Flowers can brighten one’s day or help you to think positive thoughts and could possibly improve emotional health according to recent behavioral studies, says Elaine Stillwell in an article she wrote for Grief Digest.
Smell the roses, she says. Slow down, get through another day in our grief journey, smile, see the beauty, add cheer to our day…all reasons to actually enjoy receiving flowers. Flowers can turn frowns upside down, alter our attitudes, slow us down, give us time to enjoy beauty and nature and quiet. An elegant floral arrangement can literally brighten our day. We are more likely to be less anxious, depressed and restless knowing someone cares. We believe we are not alone in our grief because someone cares when we receive flowers.
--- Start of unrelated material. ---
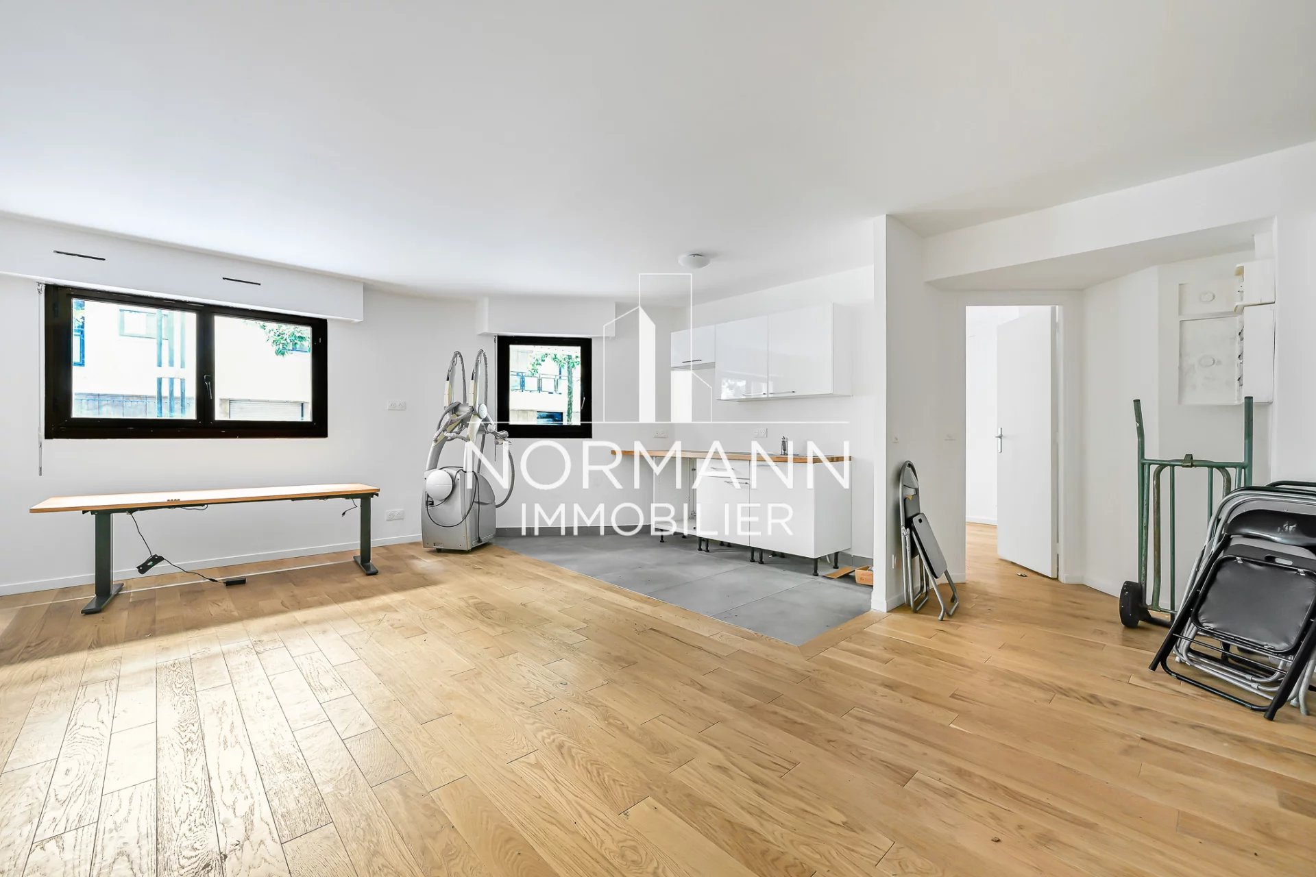 LEVALLOIS - GEORGES POMPIDOU - PROFESSION LIBERALE POSSIBLE Appartement 2 pièces d'une superficie de 52 m2 situé dans un bel immeuble récent de standing, en rdc. Il se compose: d'une entrée, d'un grand séjour avec cuisine ouverte, d'une chambre, d'une salle de bains et d'un wc indépendant. Situation géographique exceptionnelle, à proximité immédiate des commerces et des transports. Normann spécialiste de l'immobilier résidentiel est à votre disposition 7j/7. Normann IMMOBILIER 0145716040

Filling our home with flowers gives off a message of warmth and good cheer and can do wonders for our personal state of mind. Red roses say “I love you” and sunflowers claim, “You are the sunshine of my life.” White flowers are for reverence and pink flowers show appreciation.
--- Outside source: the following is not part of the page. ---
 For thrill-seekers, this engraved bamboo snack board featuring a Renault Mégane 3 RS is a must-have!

Each color produces a different reaction: red suggests passion, green is nurturing and relaxing, violet generates calm and peace, pink soothes and calms feelings, yellow spreads sunshine, blue relieves hypertension. Sadly, these meanings are not universal as different parts of the world have different connotations.
Flowers can speak volumes; they help express thoughts, feelings and emotions, especially when words are hard to find. Since there are no words that will take away our grief, I’ve learned that flowers can generate positive thoughts, put us in a much better frame of mind and promote our healing.
I have always loved flowers and instead of having them in my home, I bring flowers to the cemetery where my daughter is buried. I started by bringing live flowers. Her favorite was white lilies, as her wedding bouquet displayed, and so I keep that tradition and placed the lilies on her grave stone each time I visited. Because the cemetery has asked us not to put real flowers on the stones anymore, as the cleanup is much harder, I have now switched to silk lilies and put them in the ground right behind the stone. It surprises me how long they last, through hot summers, rainy days and cold days. And the caretakers know how important it is to me, so when they mow the lawn, they are careful not to run them over. It is almost as though she is watching over them and saying to the caretakers, “Don’t ruin my flowers. I love them.”
If my daughter were alive and had her own home, I know she would have planted lots of flowers in her backyard. She adored them. I remember her eyes lit up and it always brought a smile to her face when she received a bouquet.
Surrounding ourselves with flowers is one way to feel better and to experience some welcome serenity when we are battling grief.
As Lady Bird Johnson, who also lost a child, once said, “Where flowers bloom, so does hope.”